Als Mitte der 70er Jahre eine Krise ausbrach, auch ohne dass die Rohstoffvorräte erschöpft waren, waren alle überrascht, selbst die kleine Schar notorischer Krisenpropheten, die sich schon daran gewöhnt hatten, dass ihnen niemand zuhört. Auf einmal waren sie auf der Höhe der Zeit und wurden um politischen Rat gefragt. Da sie in den langen Jahren der Prosperität weitgehend isoliert waren, hatten sie über die strategischen Konsequenzen einer neuerlichen Krise kaum nachgedacht und suchten, als sie plötzlich danach gefragt wurden, Antworten in der Vergangenheit. Eifrig wurde bei den Klassikern des Marxismus nachgeschlagen, was diese über Krisentheorie und sozialistische Strategie zu sagen hatten.

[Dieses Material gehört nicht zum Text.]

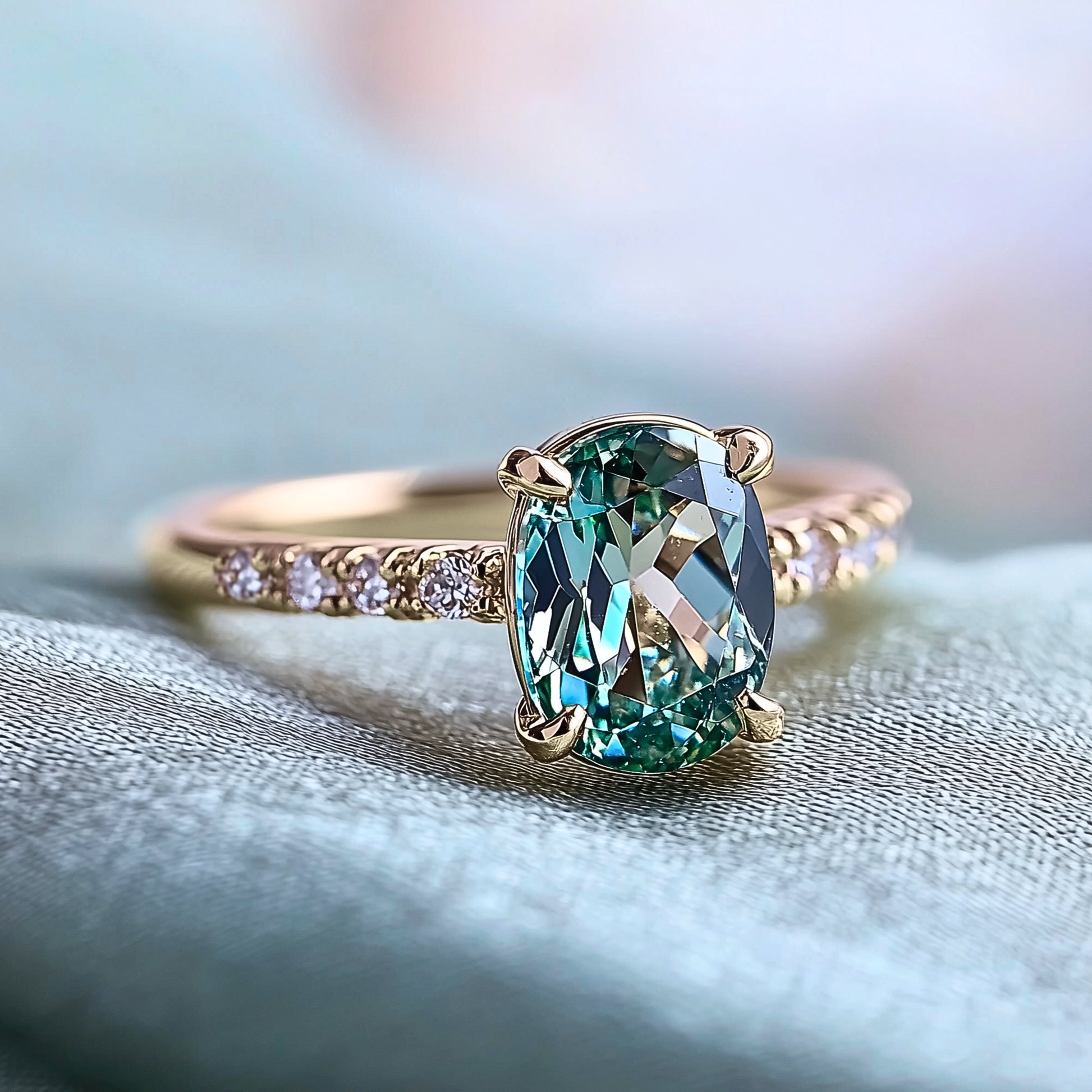 This is the kind of ring that's about to become your new favorite accessory. The star of the show is a captivating oval-cut stone in a dreamy green hue — so pretty, you might catch yourself staring at your hand more often than usual.

Einer zeitgemäßen Interpretation dieser Ideen stand allerdings die Angst gegenüber, sich des Revisionismus verdächtig zu machen. Deswegen produzierte die marxistische Linke in den 70er Jahren vornehmlich Strategien, deren Bezug auf die Fabrik und manuelle Industriearbeiter angesichts von neuen Rationalisierungsmustern und der Verlagerung von Produktionsanlagen rasch gegenstandslos wurden. Zwar gab es auch Bemühungen, die Neuzusammensetzung der Arbeiterklasse theoretisch in den Griff zu bekommen. Diese interessierten sich aber wenig für die Krisentendenzen der Kapitalakkumulation oder sahen im Neoliberalismus eine zwar ungeliebte aber stabile Entwicklungsform des Kapitalismus.

Auf die Wiederauferstehung einer in geschlossener Formation in den Klassenkampf ziehenden Arbeiterklasse hofft heute fast niemand mehr. Mühevoller, aber ungleich interessanter ist der Versuch, Neuzusammensetzung der Arbeiterklasse und Krisentheorie zu verbinden. Drei Jahrzehnte neoliberaler Akkumulation haben Denkformen und Erwartungen etabliert, die von der aktuellen Krise in Frage gestellt werden, für die es aber noch keine nachvollziehbaren und mobilisierungsfähigen Alternativen gibt.

Solche Alternativen auszuarbeiten ist ebenso wichtig wie ein realitätstüchtiges Verständnis der ökonomischen Bedingungen, unter denen sie umgesetzt werden sollen.